GDS_RIP Benchmark: 300 MM Wafer Scale Mask



Wafer scale masks are commonly used to create flip chip packages and are built up directly onto the finished wafer. The line widths used for flip chip RDL are on the order of 10-20 um in width.

 

Example redistribution circuit for flip chip built on the wafer.

 

The mask used to build the redistribution layers (RDL) must cover the entire wafer. Since the line widths are on the order of 10-20 um this usually requires an image writer to support a DPI of 8000 to 10,000 for smooth line edges and precision.

 

The mask for RDL can be very complex. In this 300 mm example, there are over 7000 circuits on the wafer.



Rasterizer Benchmark

We are going to test Artwork's GDS_RIP rasterizer using a typical 300 mm RDL mask as the input. We can then compare the effects of different settings and different hardware on how fast the program can RIP the input data.

The Input File

The input file ( rdl_array_wo_plating_ring.gds.zip 2.34 MB zipped ) was created by taking the RDL circuit and stepping it across a 300 mm wafer. The stepped data was then clipped into a circular shape in preparation for adding a plating ring (which we did not add). Two of the die in the array were replaced with alignment targets.

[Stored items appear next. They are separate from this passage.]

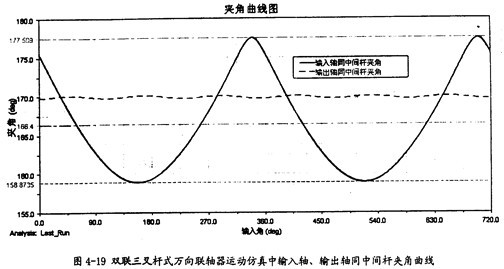 由圖4-20可以看出,中間桿同輸出軸間的夾角變化也呈現(xiàn)一定的規(guī)律,在每-個(gè)回轉(zhuǎn)周期中,它的變化頻率為3次。結(jié)合圖4-19、圖4-20可知中間桿同輸入軸及輸出軸夾角的變化頻率是不-樣的,這是雙聯(lián)三叉桿式萬向聯(lián)軸器有別于單聯(lián)三叉桿式萬向聯(lián)軸器的一種特性。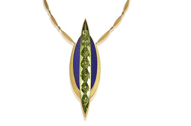 This custom-cut peridot and lapis by master cutter Tom Munsteiner finds itself the centerpiece in this 18-karat gold necklace by his award-winning jewelry designer (and wife) Jutta Munsteiner (price upon request). munsteiner-cut.de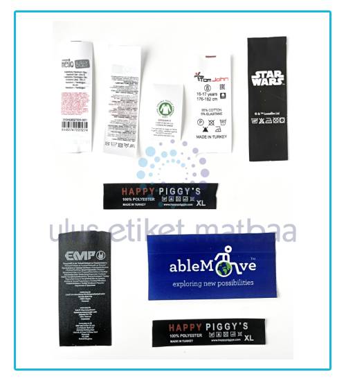 Yıkama talimatı etiketleri, tekstil ürünlerinde ürünün yıkama, kurutma ve ütüleme talimatlarını içeren önemli bir kategoridir. Bu etiketler, giysilerin ömrünü uzatmak ve kullanıcıları bilgilendirmek amacıyla kullanılır. "Japon Akmaz" veya "İngiliz Saten" vs. isimlerle bilinen bu etiketler, yıkama dayanıklılığına ve kumaş türüne göre çeşitlere ayrılır.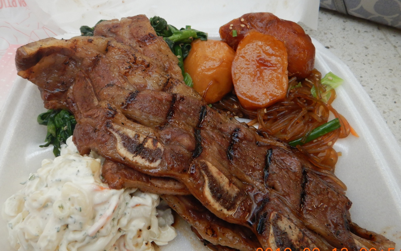 我が家のマストです。前はクヒオ通りやロイヤルハワイアンセンターにもあったのですが、今は行きやすいところはここだけになりました。ビーフ、チキンなどいろいろありますが、私は一番カルビが好きです。レギュラーとミニがあります。またライスをおかずにチェンジすることも出来ますよ。
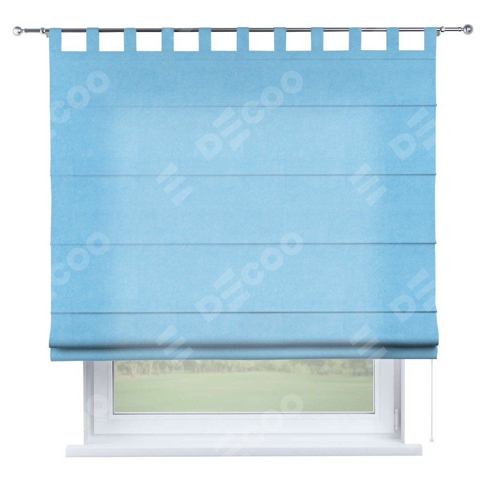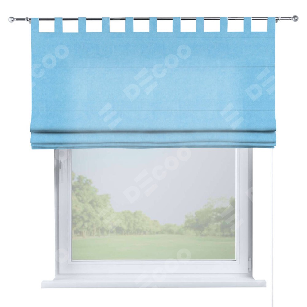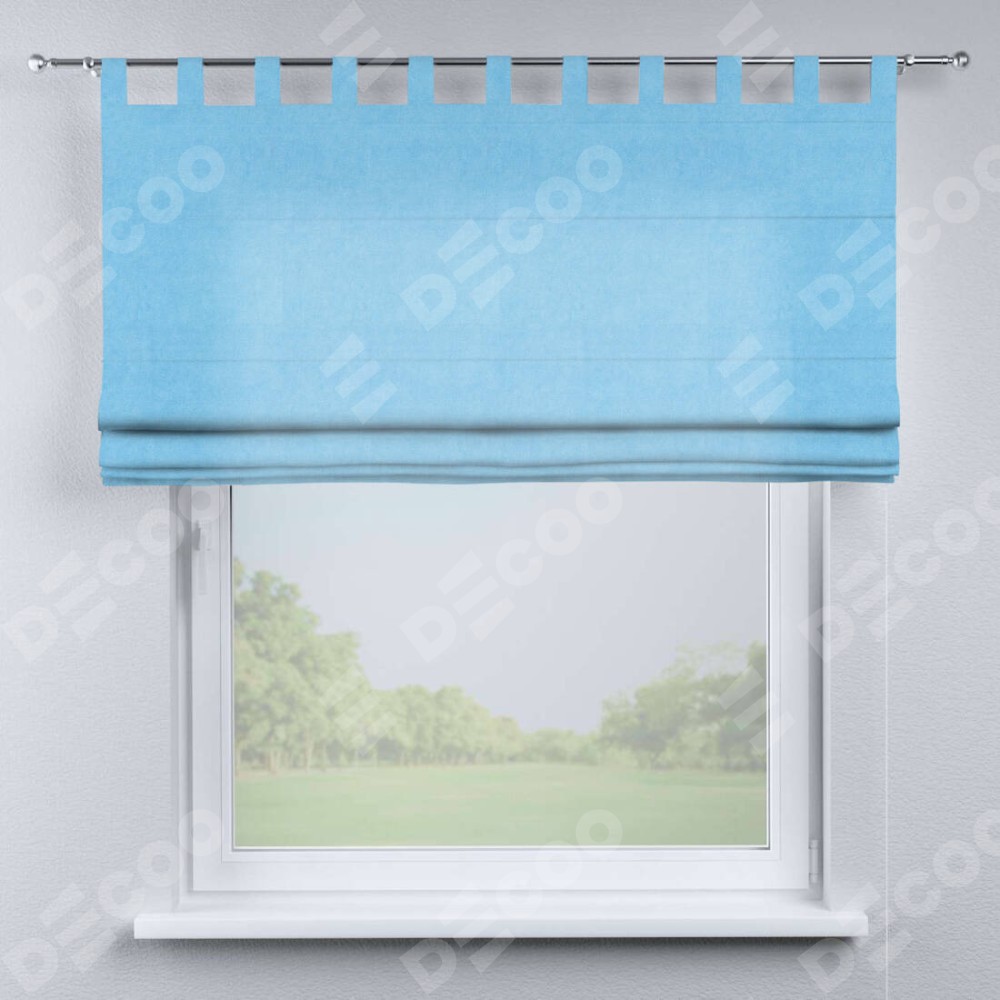 Римская штора производителя «Cortin», используется для проёма, пошита из ткани вельвет голубой, артикул ткани 85544. Данная модель пошита на петлях, комплектуется на выбор круглым карнизом и подходит для монтажа на стену. Римская штора на петлях имеет простую систему регулировки высоты, отличительным преимуществом данной модели является простой способ монтажа. Достаточно повесить ее на трубу и штора готова!

This input exhibits a lot of repetition and we will compare GDS_RIP -- which does not take advantage of repetition -- to RTCR, a specialized rasterizer that does use the repetition to speed up the raster generation.


The Output Data

We will output compressed TIFF (packbits) in order to minimize the disk IO. This requires some extra CPU cycles to perform the compression but is much faster than writing the uncompressed bitmap to disk.


Banding or Striping

Our rasterizers are able to produce very large bitmaps with limited memory in the computer by dividing the image area into stripes or bands. The "size" of the stripe or band is determined by both the amount of memory available to hold it and the width (or height) of the area to be processed.

Some image writers need the entire bitmap as a single file. Other image writers need stripes or bands of data that align with the approach used to "write" the pixels onto the mask.


32 or 64 bit

GDS_RIP is available as either a 32 bit or 64 bit library. 64 bit is recommended when the image size x DPI gets large. For example, a 350 x 350 mm image area at 8000 DPI will generate about 12E109 pixels or about 1.5 Gbytes of RAM. On a 64 bit machine equipped with 8 GB of RAM this could be done in a single pass; on a 32 bit machine this would require 3-4 bands to fit into the available RAM.


Hardware

The hardware that GDS_RIP runs on will greatly effect the speed. This includes:

  • CPU clock speed
  • Number of CPU cores
  • Amount of RAM
  • Disk I/O speed

GDS_RIP's rasterizer is multi-threaded so it can take advantage of 4 and 6 core CPUs. If uncompressed bitmaps are being written to disk then disk IO can become a dominant bottleneck. In such cases we might recommend an SSD to greatly reduce the disk IO.